Das Allerschlimmste war Carlos Schrei gewesen. Mir war sofort klar geworden, dass ich einen fatalen Fehler begangen hatte und ich hatte seinen Schmerz förmlich mit ihm gefühlt. Ich wusste zwar bis jetzt nicht, was genau eigentlich passiert war, aber es war auf jeden Fall das Schlimmste gewesen, was ich jemals hatte mitansehen müssen, neben dem Mord an meiner Mutter. Wahrscheinlich war es neben dem ganzen Blut die Angst vor dem Tod gewesen, die mich zu einer Salzsäule hatte erstarren lassen. Die ganze Szene hatte mich so stark an damals in Miami zurückerinnert, dass es sich so anfühlte, als wäre das mit meiner Mutter soeben erst passiert.

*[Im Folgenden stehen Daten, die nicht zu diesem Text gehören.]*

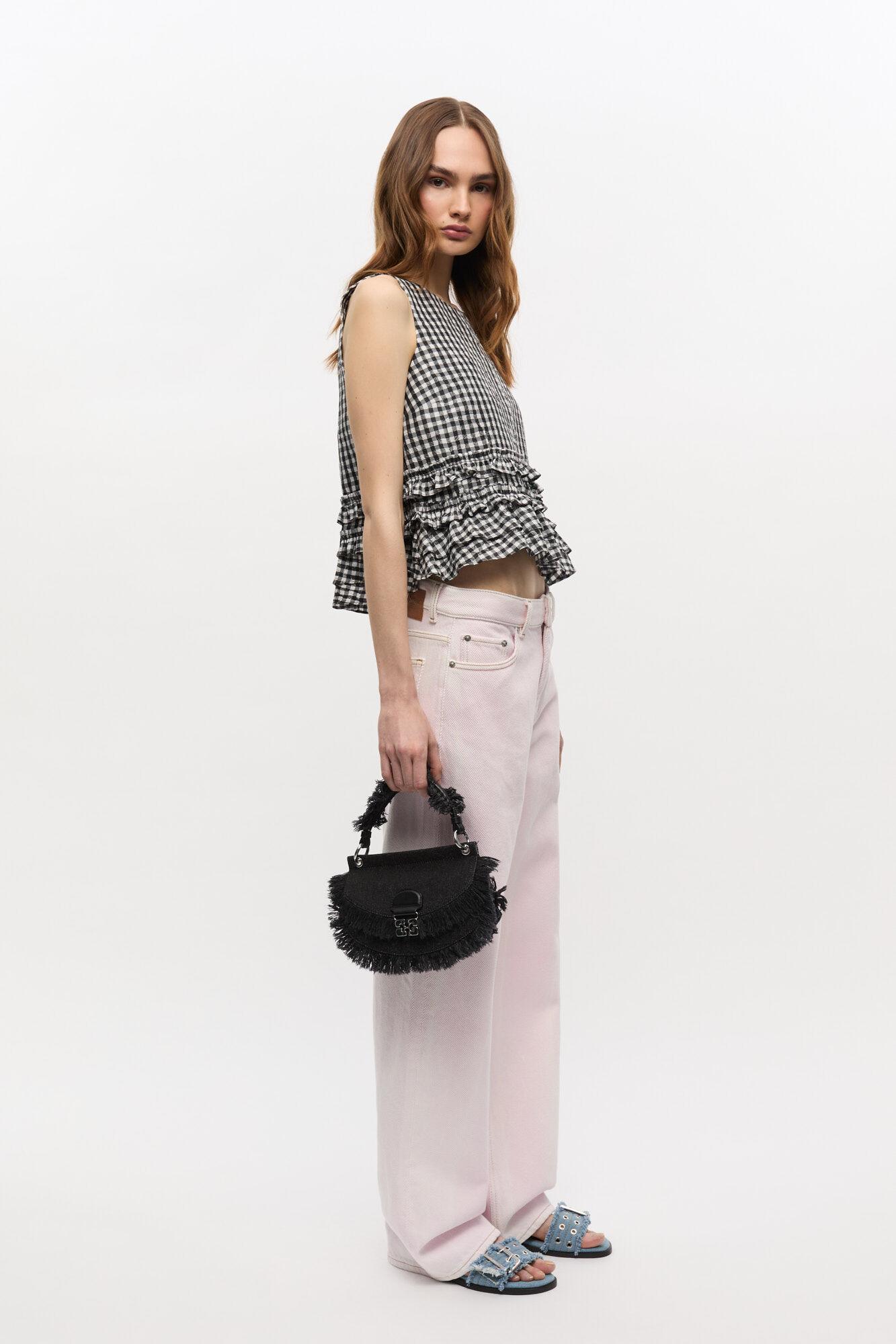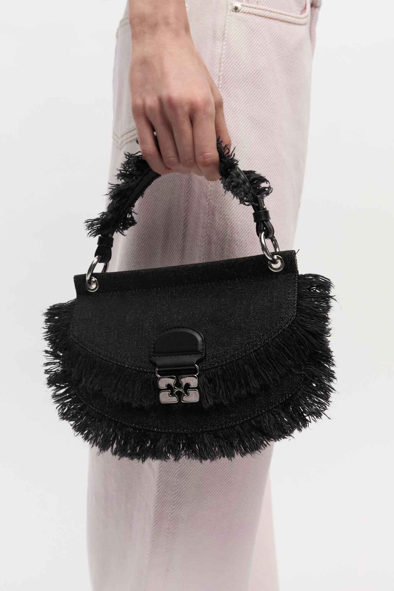 Black Denim Mini Top Handle Apo-G Bag
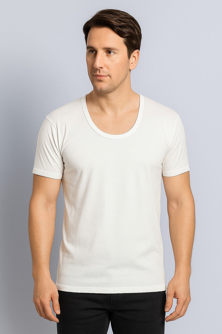 White Cotton Men’s Vest Short Sleeves Burton 805 by Hinz®
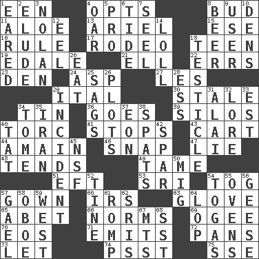 ACROSS 1. Car or cant ending 4. Chooses 8. Partially opened flower 11. _ vera 13. Satellite of Uranus 15. Compass dir. 16. General guideline 17. Cowboy competition 18. Adolescent 19. Peak District village in England 21. Pipe bend 22. Blunders 23. Lair 24. Cleo's killer 27. French article 29. Slanted text style (abbr.) 30. Showing deterioration from age 34. Metal container 36. Travels 39. Grain storage towers 40. Torque (variant) 41. Obstructs or blocks passage 43. Draw slowly or heavily 44. With great haste 46. Fastener 47. Untruth 48. Watches over 49. Not wild 51. Bank Draft (abbr.) 53. Indian title of respect (Mr.) 54. Coat; cloak 57. Bride's dress 60. Big collection agency 63. Michael Jackson trademark 65. Collude with 66. Typical models 69. Double curve, resembling the letter S 70. Greek goddess of the dawn 71. Gives off 72. Baking dishes 73. Allow 74. Inconspicuous attention getter 75. Compass dir. DOWN 1. Having ears or earlike features 2. Evade 3. Pitcher Ryan 4. Boat paddle 5. Adept person 6. Event that recurs at intervals 7. Sew up the eyelids of hawks and falcons 8. Fermented drink made from hops 9. One who makes use of a thing 10. Cub Scout units 12. Snakelike fish 14. Hang loosely or laxly 18. One of the two male reproductive glands 20. Erode 25. Settles 26. Graphs 28. Curvy letter 29. Happening 31. Mountain range southwest of Kyrgyzstan 32. Old wives' tales, e.g. 33. Eastern Standard Time (abbr.) 34. Heavy book 35. SW Asia republic 37. Period of immesurable duration 38. Arguments over trivial matters 40. Make lace 42. Coast Guard woman 45. Overdraft (abbr.) 50. Russian fighter aircraft 52. Prong on a fork 54. Ancient Roman robes 55. Baking chambers 56. Honkers 57. Highlander 58. Mitch Miller's instrument 59. Compass direction 61. Play 62. Indian titles of respect 64. Chop off 67. Mountains (abbr.) 68. Fast jet (abbr.)
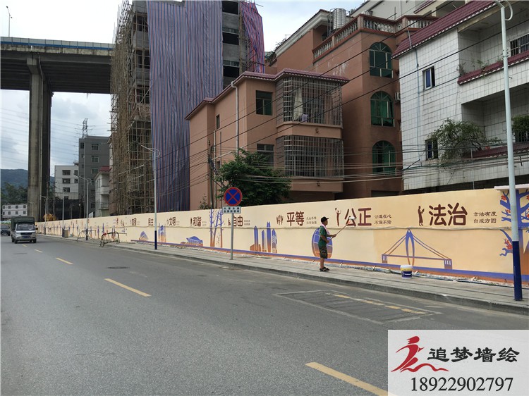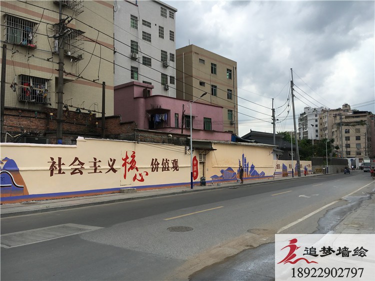 墙绘项目介绍:大源新村的设计主题以简单时尚风格为主。宣传社会主义核心思想,文明价值观。同时也加入了一些创意的广州当地地地标性的建筑。以这样图文并茂的形式弘扬社会主义核心价值观,内容丰富,贴近生活,将墙体变成美化家园的景观、传播文明的载体和教育群众的阵地。流淌于城市的历史,散落于城市的街巷,浸润于城市的民俗,收到了良好的宣传教育效果。
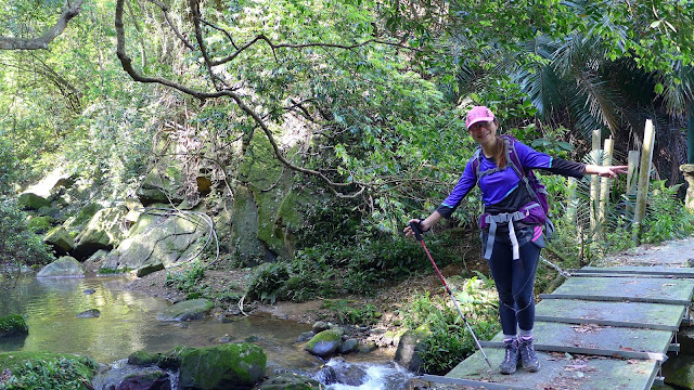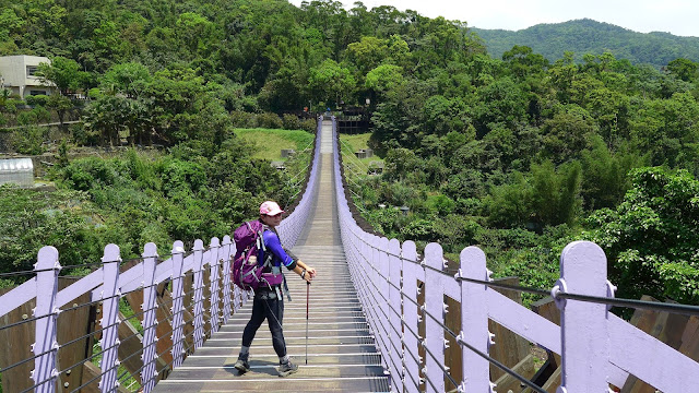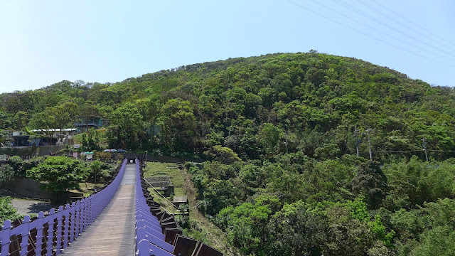 原路退到吊橋叉路,前往白石湖吊橋,紫色的橋身為其特色,設計上跟天梯吊橋有點類似,運氣好到的時候,沒什麼人。
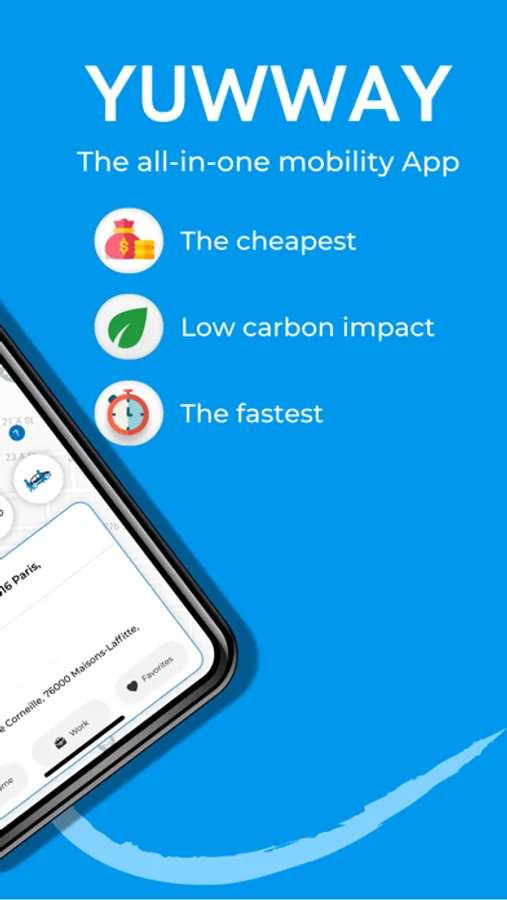 Thanks to Yuwway, get access to an enhanced mobility ! Compare and book any transportation offer directly from the application. And you'll pay the same price as on other applications offering all these services !
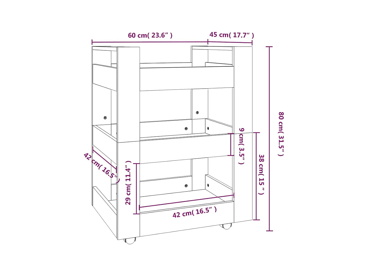 Chariot de cuisine Chêne marron 60x45x80 cm Bois d'ingénierie
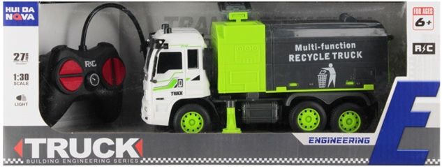 Conținutul setului: Camion de gunoi, container de gunoi, telecomandă.
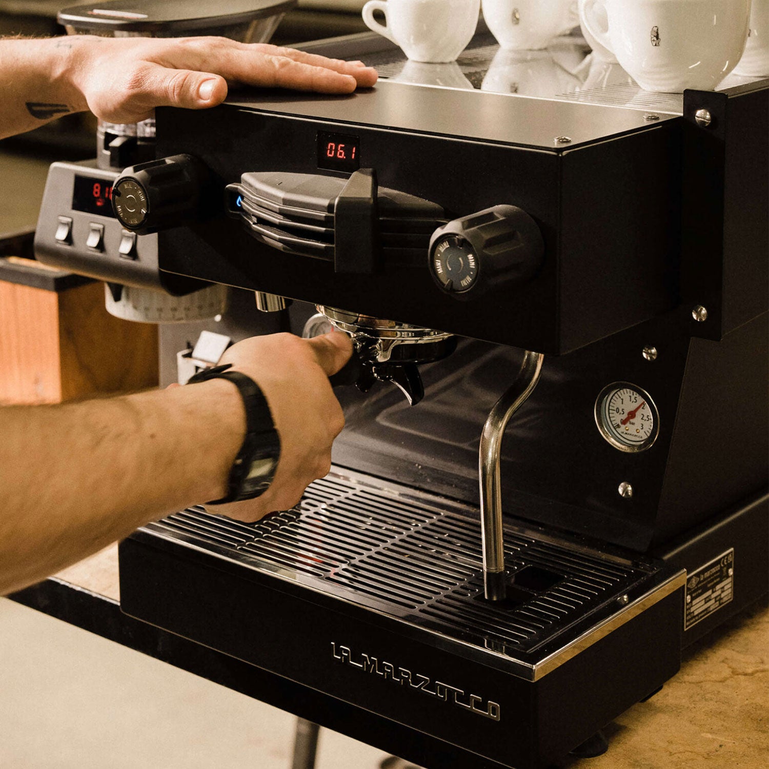 Ręczny interfejs dźwigni z elektroniczną preinfuzją, inspirowany maszynami La Marzocco z lat 70.
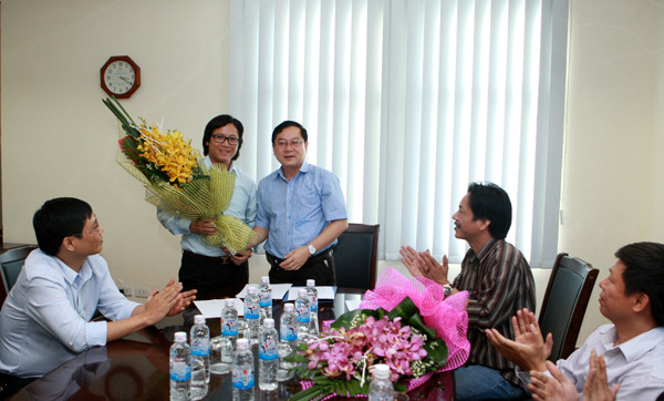 Tổng Biên tập Lê Xuân Sơn chúc mừng nhà báo Lê Anh Đạt.
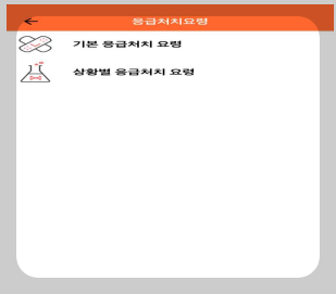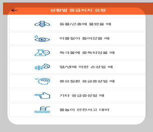 앱 메뉴 화면에서 상황별 응급처치 요령 선택 |
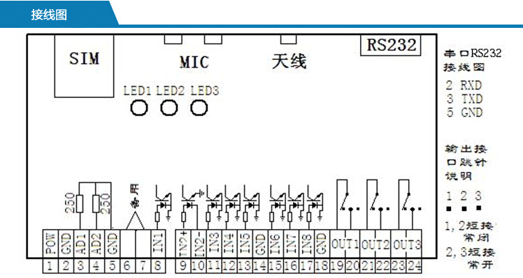 ● 有八路开关量光电耦融离输入、两路模拟通道输入、三路继电器输出。
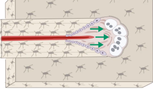 * Cellerna uppfattar det som vanlig remodellering (se kärlet som bara passerar frakturlinjen), BMU bara passerar
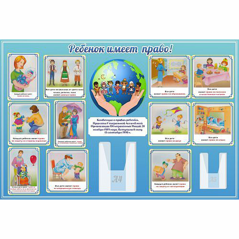 Свои права должен знать каждый, и взрослый, и ребёнок. Данный стенд в доступной форме, с картинками, рассказывает об основных правах детей. Имеются также по одному карману форматов А4 и А5 для листовок на тему прав ребенка или дополнительной информации.
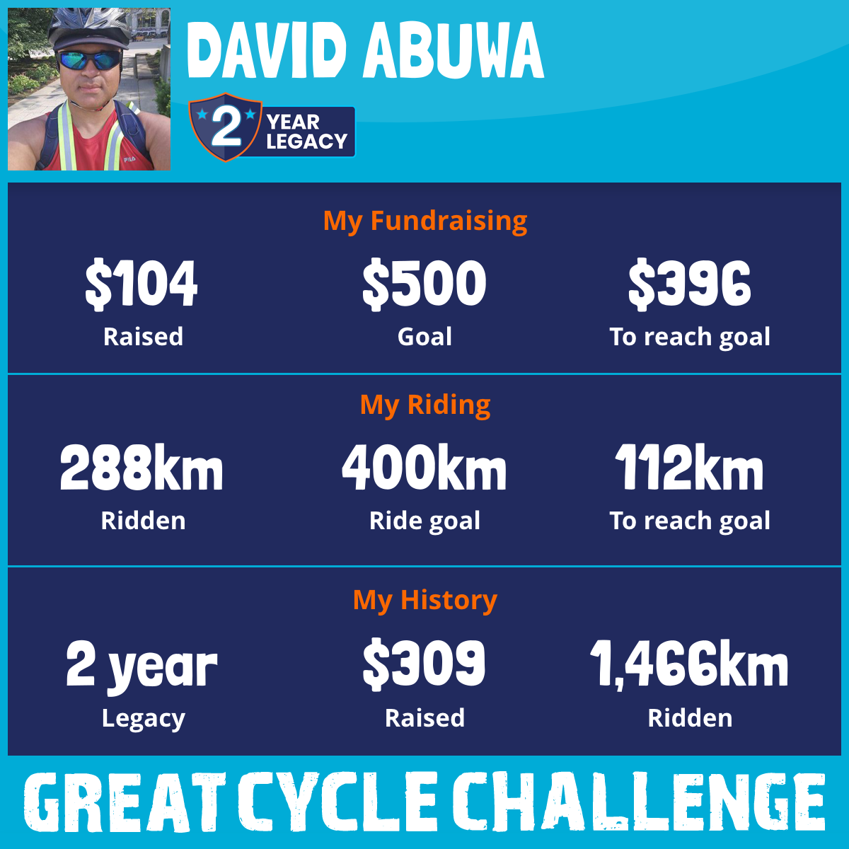 2,098 km Ridden$501 Raised2026
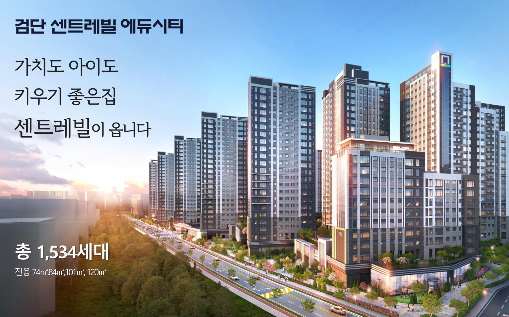 검단 센트레빌 에듀시티는 인천광역시 서구 당하동 693번지, 검단지구 AB8블록에 위치한 대단지 브랜드 아파트입니다. 지하 2층~지상 25층, 총 17개 동으로 구성되며 전용 74~120㎡, 총 1,534세대로 조성됩니다. 일반공급 793세대를 포함하고 있으며, 입주는 2028년 8월 예정입니다. 검단 센트레빌 에듀시티는 GTX-D 노선과 서울지하철 5호선 연장 추진에 따라 교통 접근성이 비약적으로 향상될 지역에 위치해 있으며, 검단신도시의 핵심 미래가치를 선점한 단지로 평가받고 있습니다.
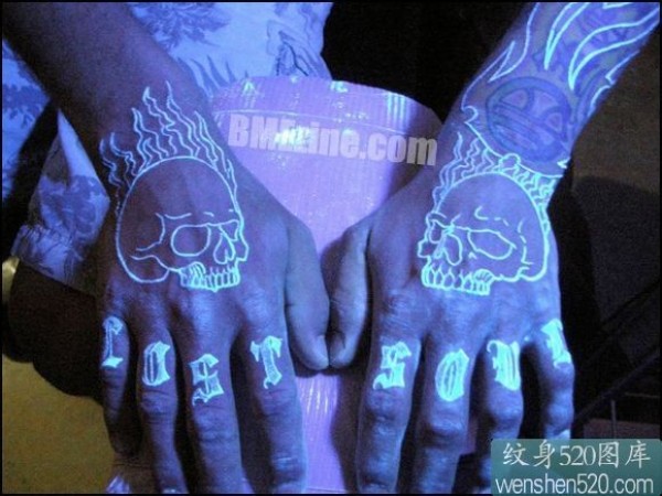 手背上的荧光骷髅头和字母_荧光纹身图案大全_纹身图吧
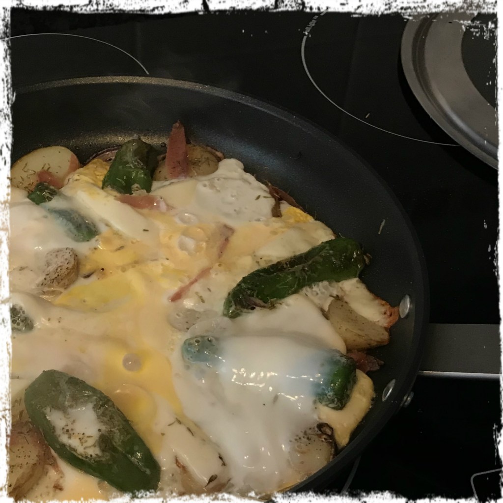 4 Eier (M) aus größerer Höhe in die Pfanne klatschen lassen, die Pfanne mit dem Deckel schließen, die Hitze auf mittelschwach reduzieren und die Eier in ca. 4 Min. stocken lassen, dann ggf. noch etwas
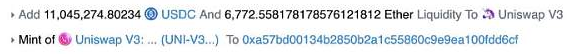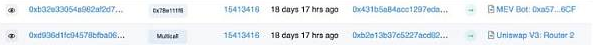 我们有三笔交易,都在区块15413416,位置 3-5,以自下而上的顺序执行。第一个使用 Execute 方法的交易是一个名为“MEV Bot”的合约,为 USDC-WETH 池增加了 2200 万美元的流动性。

Ich hatte echt verdammten Respekt vor Miguel, dass er es fertiggebracht hatte, in diesem Moment nicht die Nerven zu verlieren und sich um Carlos zu kümmern. Er war echt ein tausendmal besserer Mensch, als ich es wohl je sein würde. Keine Sekunde hatte er Carlos Hand losgelassen und die ganze Zeit beruhigend auf ihn eingeredet, während ich nur dumm danebengestanden war. Auch im Rettungswagen hatte er ihn nicht allein gelassen und war mit ins Krankenhaus gefahren.